Interactive Java Tutorials
Astigmatism aberrations are similar to comatic aberrations, however these artifacts are not as sensitive to aperture size and depend more strongly on the oblique angle of the light beam. The aberration is manifested by the off-axis image of a specimen point appearing as a line or ellipse instead of a point. Depending on the angle of the off-axis rays entering the lens, the line image may be oriented in either of two different directions, tangentially (meridionally) or sagittally (equatorially). The intensity ratio of the unit image will diminish, with definition, detail, and contrast being lost as the distance from the center is increased.
The tutorial initializes with a fluorescence photomicrograph of a bovine pulmonary arterial cell appearing in the window on the left-hand side of the applet. The cell is triple-stained with DAPI, BODIPY, and MitoTracker Red CMXRos. Beneath the image window is a pull-down menu labeled Choose A Specimen, which can be used to select a new specimen from the palette. The Off-Axis Distance slider is utilized to control the tutorial by introducing an increasing amount of astigmatism into the optical system. Moving the slider to the right emphasizes the tangential plane, while moving the slider to the left illustrates the effects occurring in the sagittal plane. As the slider is moved to the left or right, the microscope image morphs to demonstrate an exaggerated view of how astigmatism will appear through the eyepieces (blurring horizontal lines while sharpening vertical lines and visa versa). Simultaneously, the point spread function and Airy patterns (shown in the central portion of the applet window) also change to simulate introduction of astigmatism. A four-lobed Airy pattern results when the focus is set at the compromise position between the sagittal and tangential extremes. Increasing the degree of astigmatism in the virtual optical system is also correlated with a ray trace diagram presented in the right-hand side of the applet.

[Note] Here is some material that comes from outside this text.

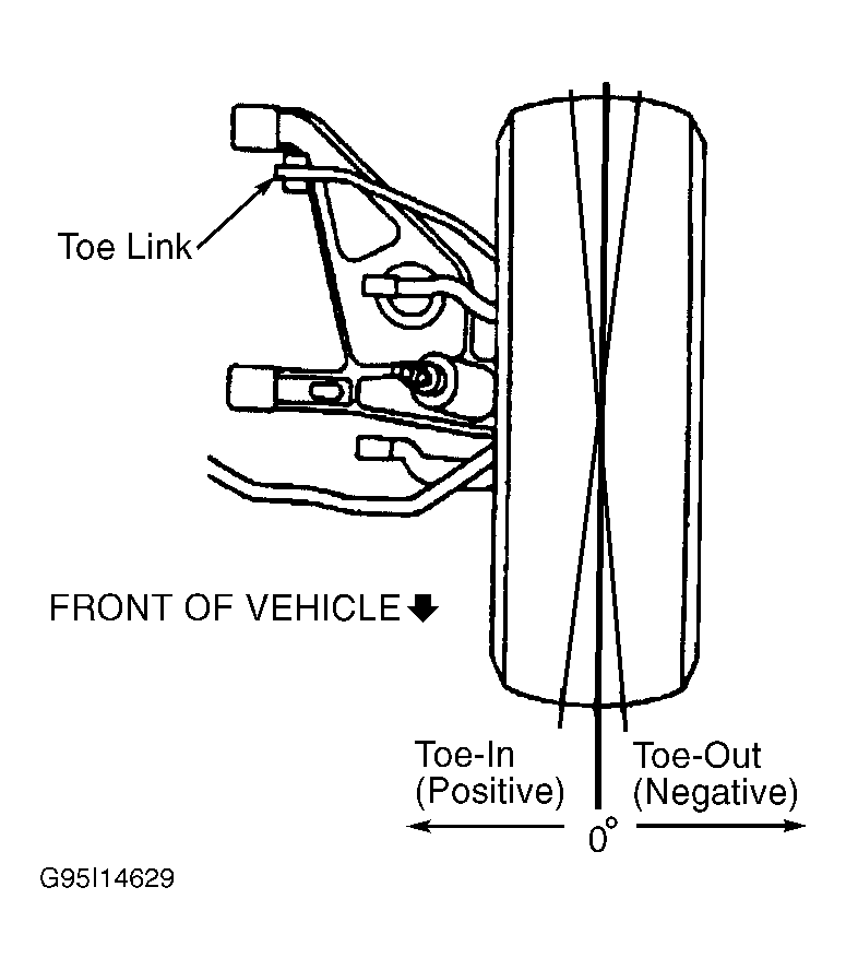 Loosen toe link bolt. See Fig 1 . Move wheel inward or outward as necessary until toe-in is as specified. See WHEEL ALIGNMENT SPECIFICATIONS . Tighten bolts to specification. See TORQUE SPECIFICATIONS.
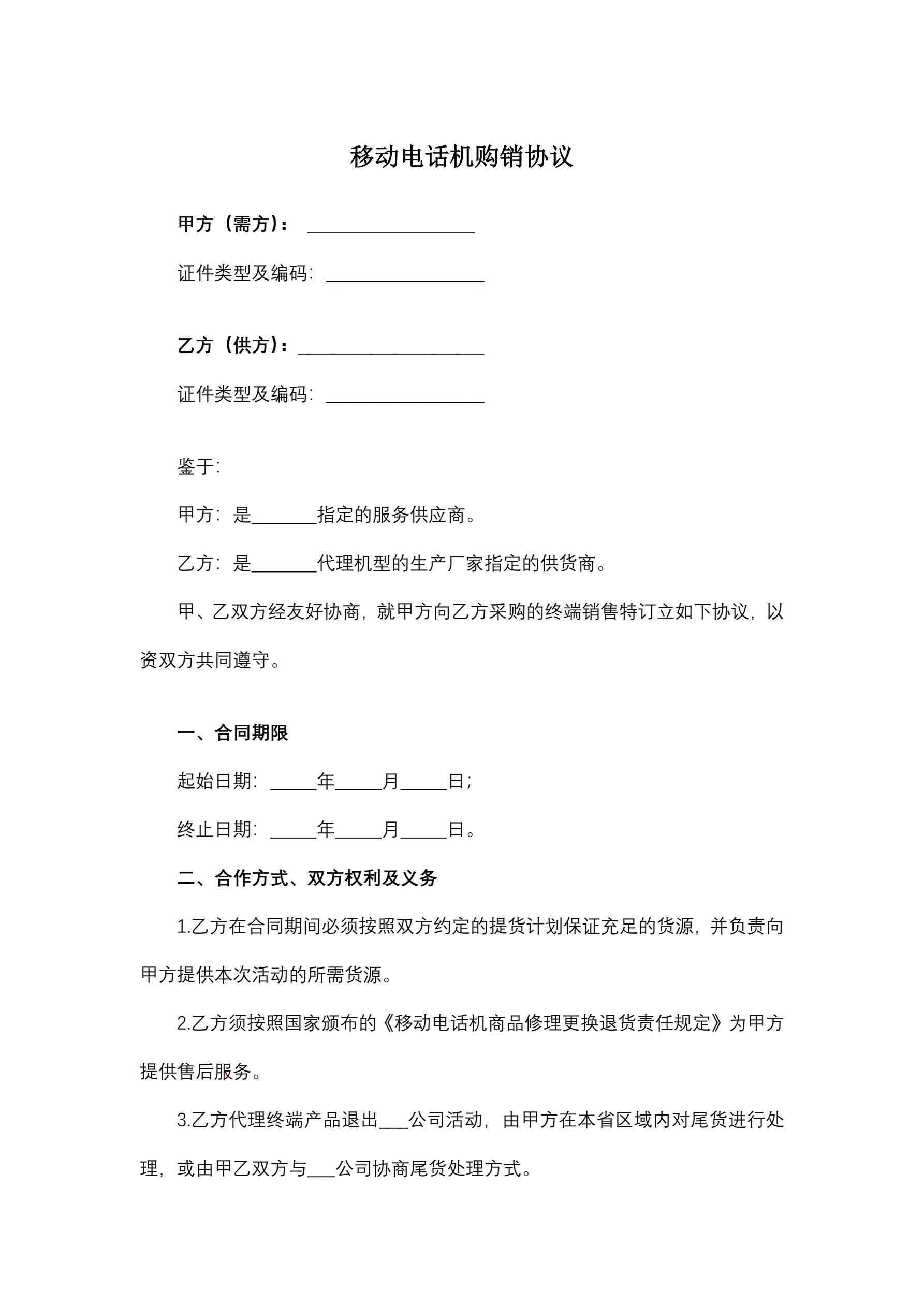移动电话机购销协议

Astigmatism aberrations are found at the outer portions of the field of view in uncorrected lenses, and cause the ideal circular point image (Airy pattern) to blur into a diffuse circle, elliptical patch, or line, depending upon the location of the focal plane. Illustrated in Figure 1 are off-axis light rays passing through the tangential and sagittal planes, which are collectively used to define the geometry of astigmatism. The tangential plane (also called the meridional plane) contains the chief ray and the optical axis of the lens (or lens system), while the sagittal plane (also called the radial and/or equitorial plane) contains only the chief ray and is positioned perpendicular to the tangential plane. The chief ray is defined as a special ray emanating from an off-axis point light source that passes through the center of the lens entrance pupil. In an optical system that is aberration-free, the chief ray will also pass through the center of the aperture diaphragm and the exit pupil of the lens.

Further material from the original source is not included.